That's my model... but I can't see how it could be profitable when selling/renting a house. You can not have a contract for a minimum of "X" months when putting a house for sale/rent, because a client might have bought the property within an hour after the tour was published online. You as the creator of the tour, would like to get the tour paid in full... but having only had the tour online for one hour, and after that there is no "need" for the tour to stay online... then what? Is the realtor going to pay you for the tour, just to please you? No. Realtors are normally very ... eh... let's just say ... greedy, and they don't want to spend money on ANYTHING if they can get away with it.

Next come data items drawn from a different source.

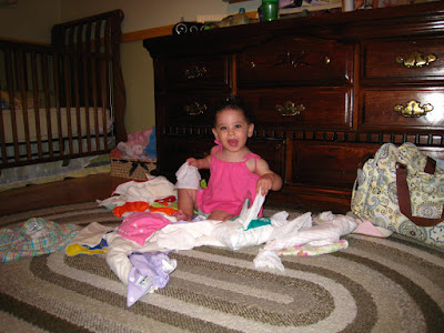 A recent WAHM-O moment found Buttercup playing with her clothes and emptrying out the baby wipes package. Note that I got concerned because she was being quiet while I was working....
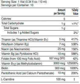B-Complex exclusive formulation with 3,000 mcg of the important Vitamin B-12 as Methylcobalamin and L-Carnitine. Available in a box of 10 drinkable vials of 10 ml each.
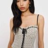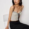 Shop the Andrea Top from Reformation, a sleeveless top with a sweetheart neckline, ruching at the neckline, and an adjustable tie.
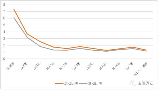 上市以来,公司流动比率及速动比率不断降低,流动比率由2009年的7.32降低至2018年一季度的1.28,速动比率趋势与之相同,从6.08降低至1.14,而截止至2018年一季度流动比率行业均值为2.10,速动比率行业均值为1.78,公司短期偿债风险还是比较高的。

For a big project where the images can be rented out to competing businesses (tourist sites for tourism related businesses), renting the images is justified. The rent would not stop just because one client came and bought a trip through the agency (as it would be in the Realtors case) A contract can be made to run over several months, or even years.... which can not be done in the Realtor case. Having some binding wording in the contract, about the client who rented or bought the house, confirming that he reacted because of the panorama tour... well, that's not going to be of any benefit for the creator of the tour, since you as a panorama maker, are not going to be in any contact with the renting/buying client at all.

Maybe I am too narrow-minded when viewing the venue of renting panoramas to Realtors, but that being said, I hope you understand my reasoning, and more hopefully I wish to see your reasoning for such a model being possible and profitable.

Trausti
Ranjan Pano

Posts: 145
Location:
Registered: 20 Jun 2006
Re: Value proposition
Posted: 4 Sep 2009 at 3:39 GMT
If its a single high end property then yes selling it outright is most logical & yes the VT might sell it within an hour (great achievement which you can en-cash with other clients) but if its some kind of multiple apartments in 100s only then renting of VT will be workable.

If its high end property then discuss the terms with client before shooting so they don't find it later that its expensive.

Value Proposition is more a mental game, some clients are in habit of finding everything at any price EXPENSIVE, even when you offer them free they would find that too as expensive, cant help in those cases.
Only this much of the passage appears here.